Given these entries, repeat exactly the lines starting with the one that has "Northwestern University Wildcats" and going on through the one that has "- perie de vase", both included, but none of the pictures.

◆ **RECORD EXTRACTS**:
%%

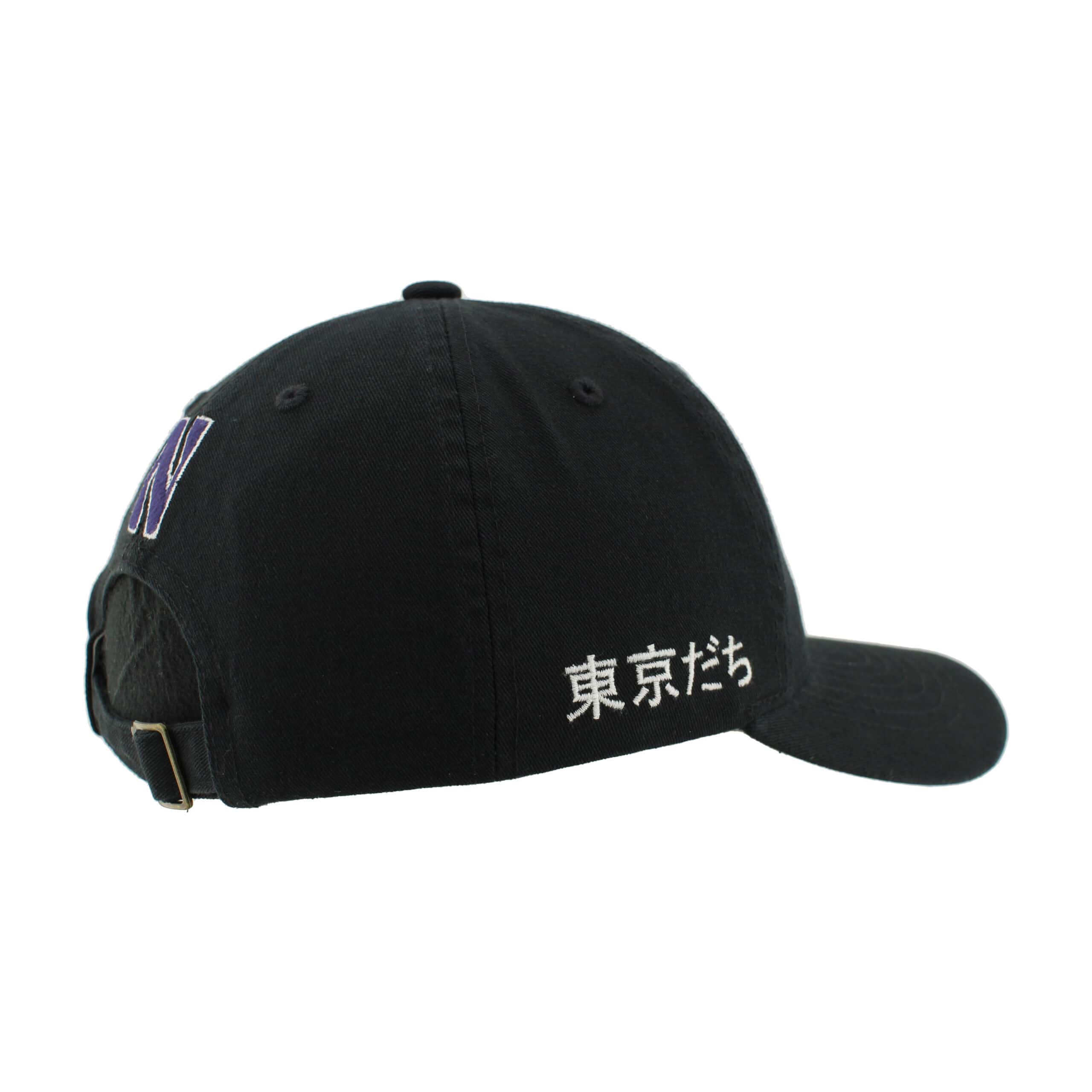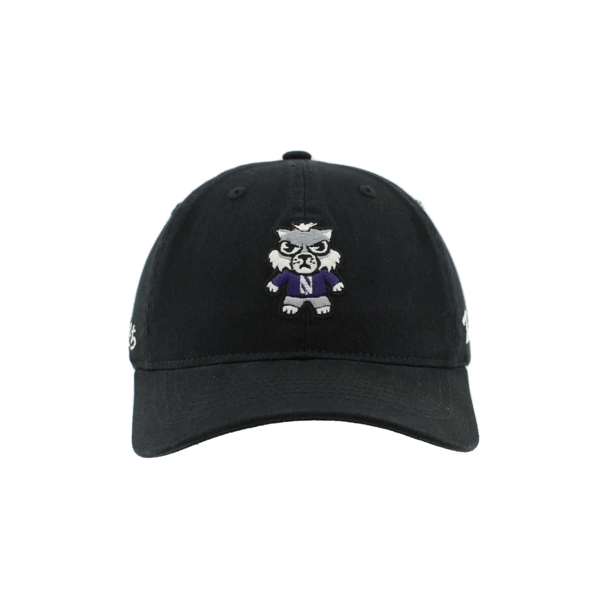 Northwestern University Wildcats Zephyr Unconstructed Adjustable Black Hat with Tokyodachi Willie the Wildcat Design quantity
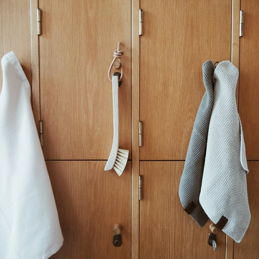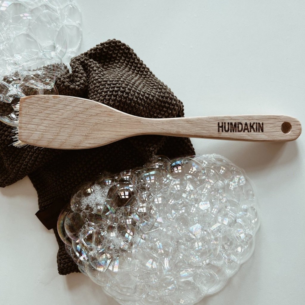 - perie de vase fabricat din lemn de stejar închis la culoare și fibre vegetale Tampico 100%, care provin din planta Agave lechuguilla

%%
%%

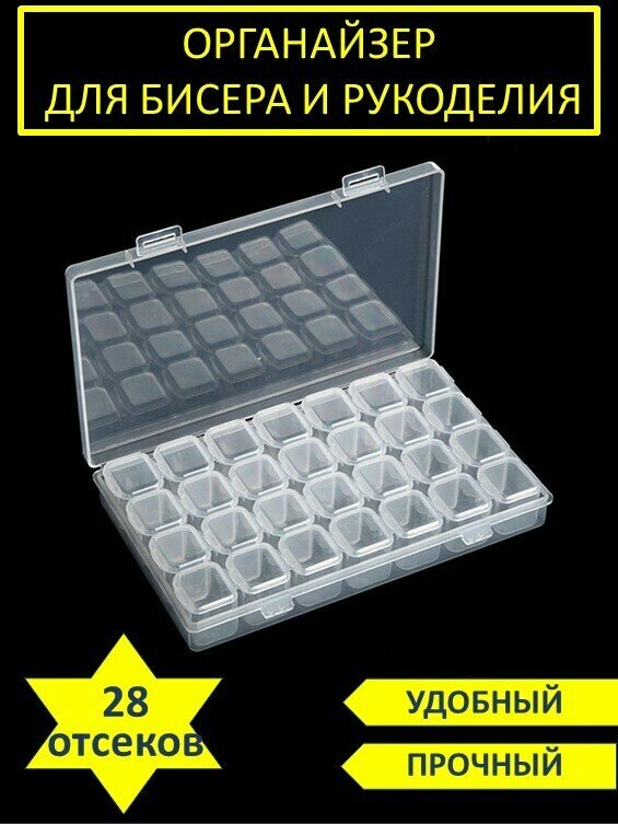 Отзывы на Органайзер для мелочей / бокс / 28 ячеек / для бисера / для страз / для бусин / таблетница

%%
%%

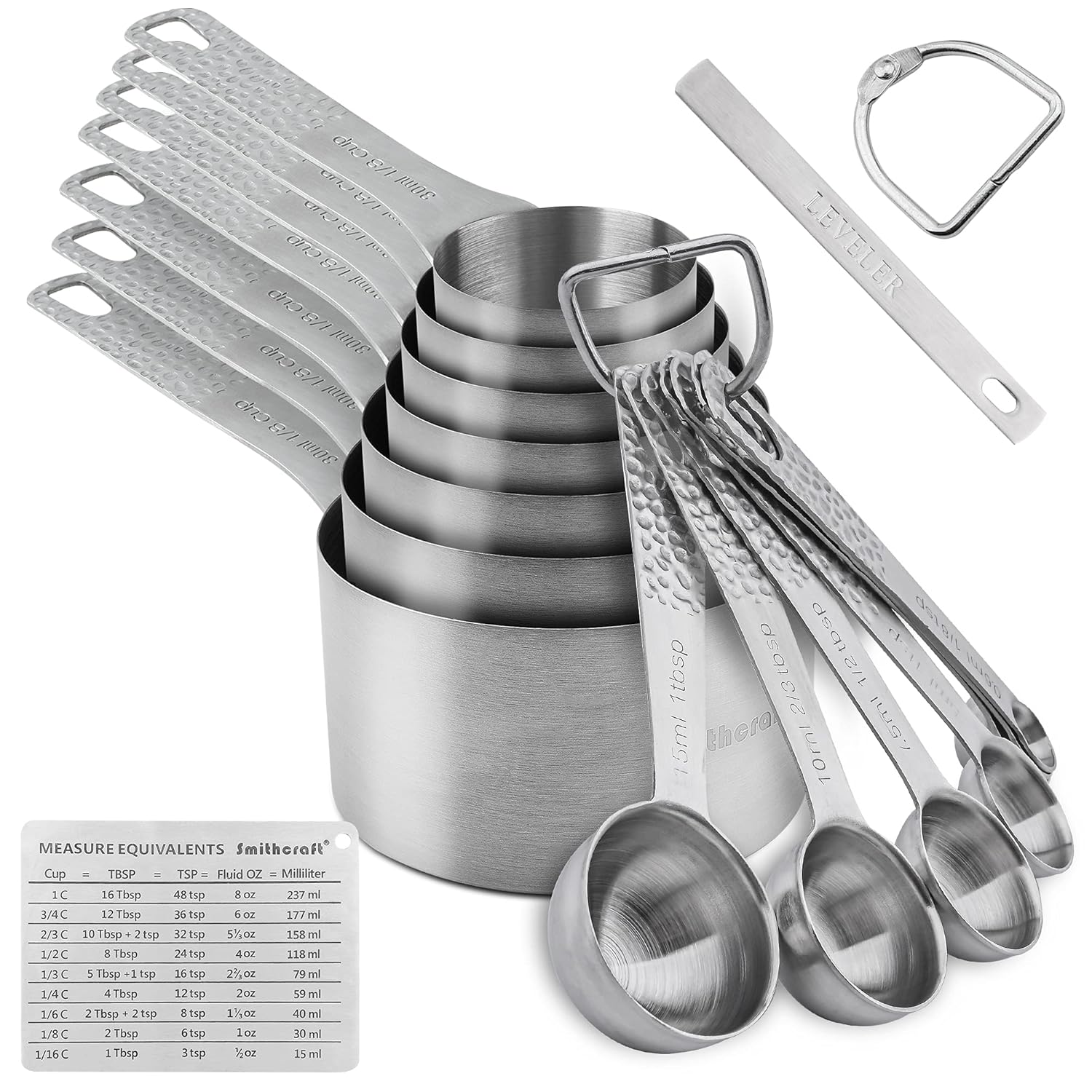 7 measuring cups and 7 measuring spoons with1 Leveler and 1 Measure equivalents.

%%

◆ **TASK OUTPUT**:
 Northwestern University Wildcats Zephyr Unconstructed Adjustable Black Hat with Tokyodachi Willie the Wildcat Design quantity
 - perie de vase fabricat din lemn de stejar închis la culoare și fibre vegetale Tampico 100%, care provin din planta Agave lechuguilla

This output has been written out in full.